Simple : les FAI annoncent +10€/mois sur les abonnements pour prendre en charge les coûts liés au piratage.

Ensuite, comme la copie privée, les utilisateurs vont croire qu’ils payent pour compenser ça, et donc iront de plus belle chercher le dernier Marvel sur Piratin.com.

Résultat les ayants droits porteront encore plus plainte, les FAI devront encore plus en supporter le coût, etc donc …. loop.

Ainsi en moins d’un an, les abonnements Internet en France coûteront un SMIC par mois, empêchant les pauvres (c’est les seuls qui piratent, tout le monde le sait) de s’abonner.

Et donc plus de piratage.



Voilà.



PS : à tous ceux qui en viendraient à exploiter cette solution, sachez qu’elle est brevetée avec une rémunération de 2500€ à chaque idée traversant la tête indiquant voulant l’exploiter. Toute personne lisant ce message doit ainsi payer la redevance.

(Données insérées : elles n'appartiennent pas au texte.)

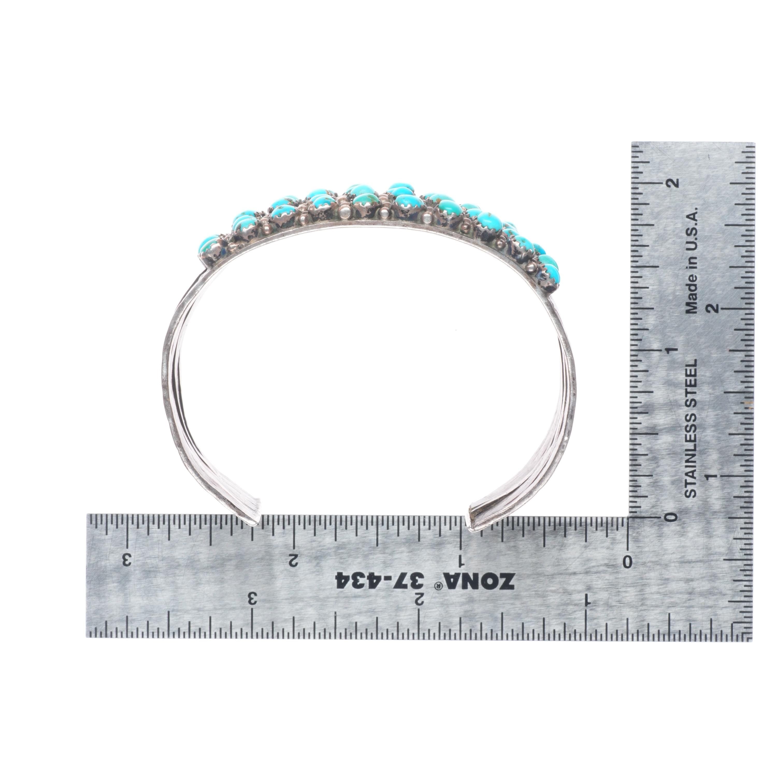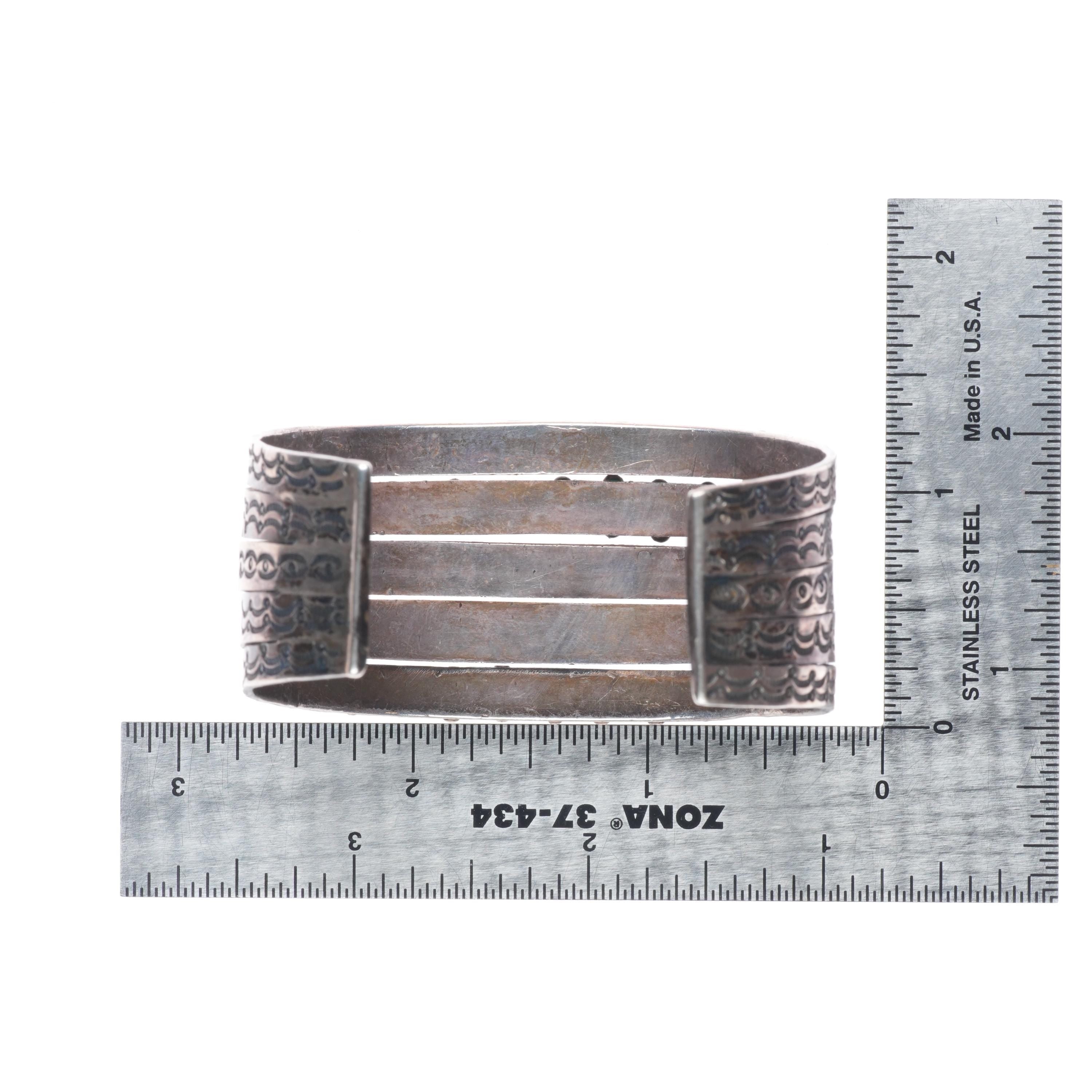 6.4" 1930's Ingot Silver Zuni snake eye turquoise 5 stack row cuff bracelet. Tested and guaranteed solid ingot/sterling silver with weight and measurements in pictures. Great condition with age appropriate wear, circa second quarter of the 20th century.

J’accepte les espèces, chèques, carte bancaires, virement, etc.








SebGF a écrit :



Simple : les FAI annoncent +10€/mois sur les abonnements pour prendre en charge les coûts liés au piratage.

Ensuite, comme la copie privée, les utilisateurs vont croire qu’ils payent pour compenser ça, et donc iront de plus belle chercher le dernier Marvel sur Piratin.com.

Résultat les ayants droits porteront encore plus plainte, les FAI devront encore plus en supporter le coût, etc donc …. loop.

Ainsi en moins d’un an, les abonnements Internet en France coûteront un SMIC par mois, empêchant les pauvres (c’est les seuls qui piratent, tout le monde le sait) de s’abonner.

Et donc plus de piratage.



Voilà.



PS : à tous ceux qui en viendraient à exploiter cette solution, sachez qu’elle est brevetée avec une rémunération de 2500€ à chaque idée traversant la tête indiquant voulant l’exploiter. Toute personne lisant ce message doit ainsi payer la redevance.

J’accepte les espèces, chèques, carte bancaires, virement, etc.





Je valide tant que tu ne me demandes pas de payer en nature.